I’m amazed that the model hasn’t been sued out of existence by sufferers of food poisoning.  The tongs used to place the meat are the same used to remove them, under cooking is trivial and cross contamination can easily occur if one orders vegetables as well.  There was some impromptu pyrology as the color of the flame changed over the course of the preparation starting as a propane blue and moving to a deep yellow as salty drips started hitting the basal flame source.  Otherwise the food was fine but slow, like having a meal where every 3 minutes one received 1/3 of a chicken finger.
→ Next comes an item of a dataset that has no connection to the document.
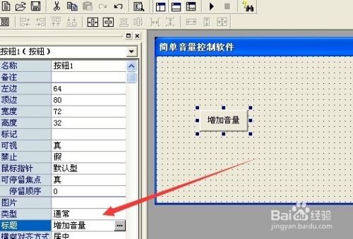 在窗口组件箱中的基本组件中选择按钮,在程序界面上点击,放到合适的位置,修改标题为“增加音量”。
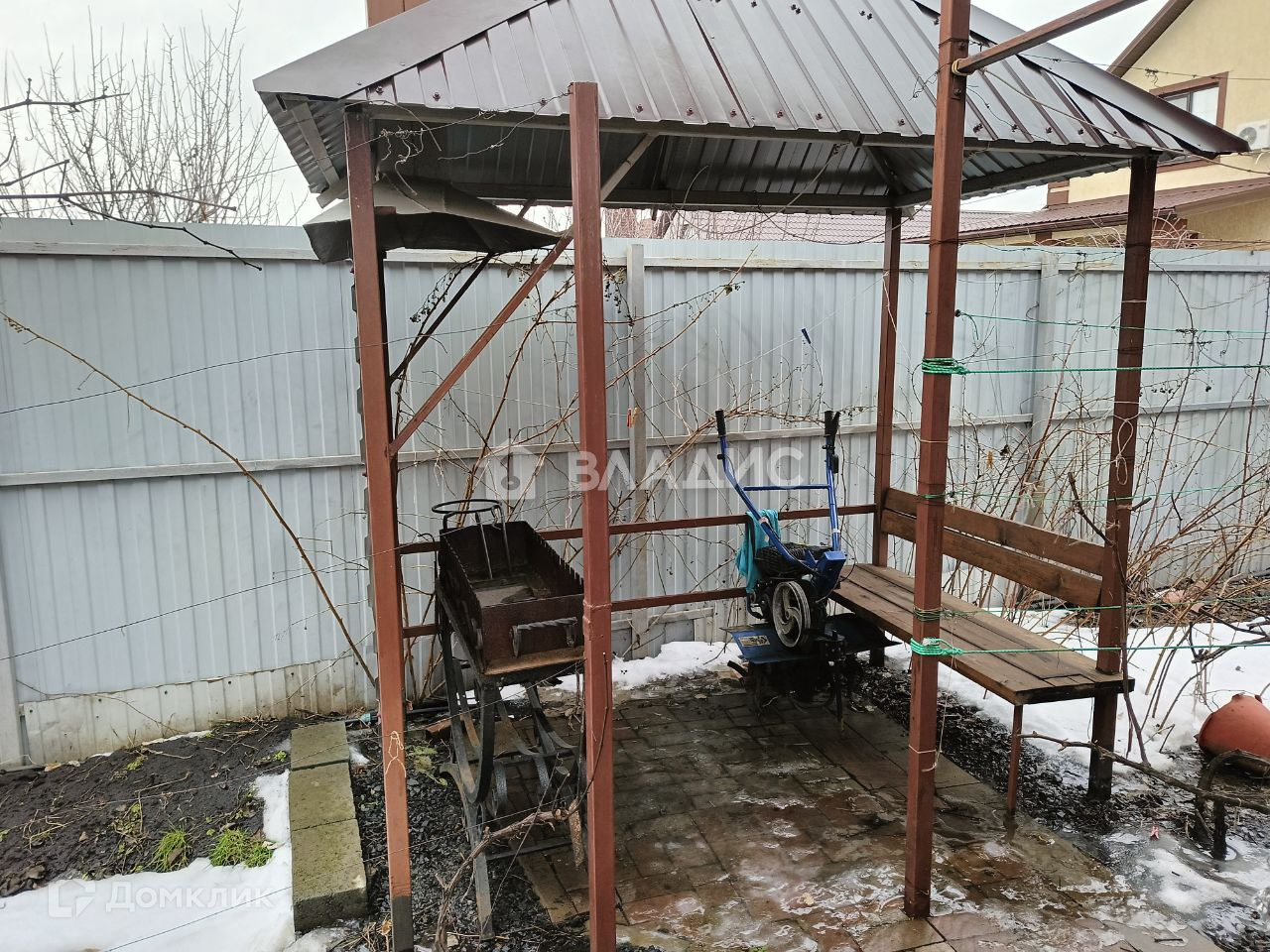 Участок ухоженный с плодовыми деревьями и виноградником. Есть дровница для хранения дров и сарайчик для хранения садового инвентаря. Парковочное место на 2 машины с навесом и автоматические ворота, обязательно пригодятся водителю атомобиля. На участке есть все для семейного отдыха. Просторная веранда с отдельным входом в столовую. Рядом беседка для барбекю. Есть отдельное строение под летнюю кухню и мастерскую. Вход в летнюю кухню расположен рядом с верандой, что очень удобно для летних посиделок на воздухе. В мастерскую отдельный вход, здесь есть все для человека «с руками». В мастерской установлена лестница на чердак, с большим местом для хранения чего-угодно.

We walked around Toronto a bit more and after crossing the main square where an anemic Filipino-pride celebration was being held found a clutch of Falun Gong practitioners in front of a statue of Winston Churchill that looked like it was fashioned from wax bits placed via slingshot.

20100612-7322-InterroLoop

Save it for the Huns!

Near this area the bird population was dense.  The fountains attracted a healthy supply of seagulls and any city worth a darn has pigeons.  Most of the light posts in the area had spikes on the top but these were poorly placed and in no way stopped birds from landing.  The bird below was on a concrete abutment and I took a sequence of pictures each a step closer than the previous.  I got about a foot away with the picture below before I decided not to press my luck any more.

20100612-7069-InterroLoop

"What?"

I left Toronto around 3 and had to make a slow trip to Montreal which is a bit less than six hours away.  My Montreal host was indisposed until 10:30 PM so I drove at the speed limit and stopped at rest stations if I had even a hint of bladder pressure.  When I crossed into Quebec all the signs switched to French including stop signs, an oddity as my host informed me that even in France the stop signs simply say “Stop”.  Also, every previous Canadian host warned me about Quebec’s drivers.  I quickly learned what this meant as I repeatedly found drivers pass me on the left, return to my lane, and then slowing down.  I’m a heavy user of cruise control so I’m confident my speed wasn’t changing and my GPS unit confirmed this.  I arrived a bit short of 10 and my host was home.  We chatted for a bit and then I turned in to prepare for a day of poutine and Anglophobia.